▶ What to do: From the data that follows, set down exactly the lines from the one with "ヒーロー風カッコイイあだ名 | 『天空の使者さなだまき』『魔戒騎士サナ』 |" through the one with "此次擴項,BACL越南實(s", counting both. Pictures stay out.

▶ Provided entries:
Start of Block
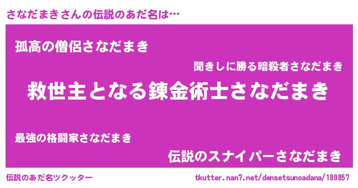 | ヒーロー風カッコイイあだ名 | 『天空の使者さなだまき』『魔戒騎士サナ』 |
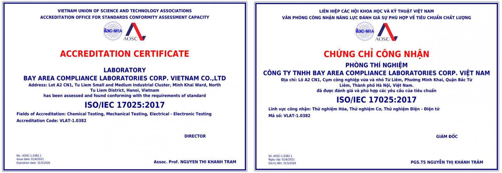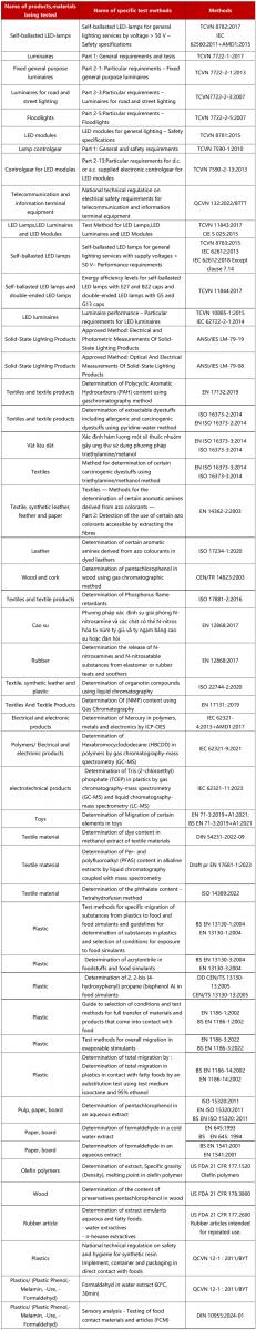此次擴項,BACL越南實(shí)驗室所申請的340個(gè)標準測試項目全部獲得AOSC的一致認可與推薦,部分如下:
End of Block
Start of Block
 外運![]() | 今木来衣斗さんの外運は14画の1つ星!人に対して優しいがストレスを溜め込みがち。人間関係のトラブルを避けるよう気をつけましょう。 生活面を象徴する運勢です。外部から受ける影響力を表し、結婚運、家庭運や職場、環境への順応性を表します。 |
End of Block
▶ Worked solution:
 | ヒーロー風カッコイイあだ名 | 『天空の使者さなだまき』『魔戒騎士サナ』 |
此次擴項,BACL越南實(shí)驗室所申請的340個(gè)標準測試項目全部獲得AOSC的一致認可與推薦,部分如下:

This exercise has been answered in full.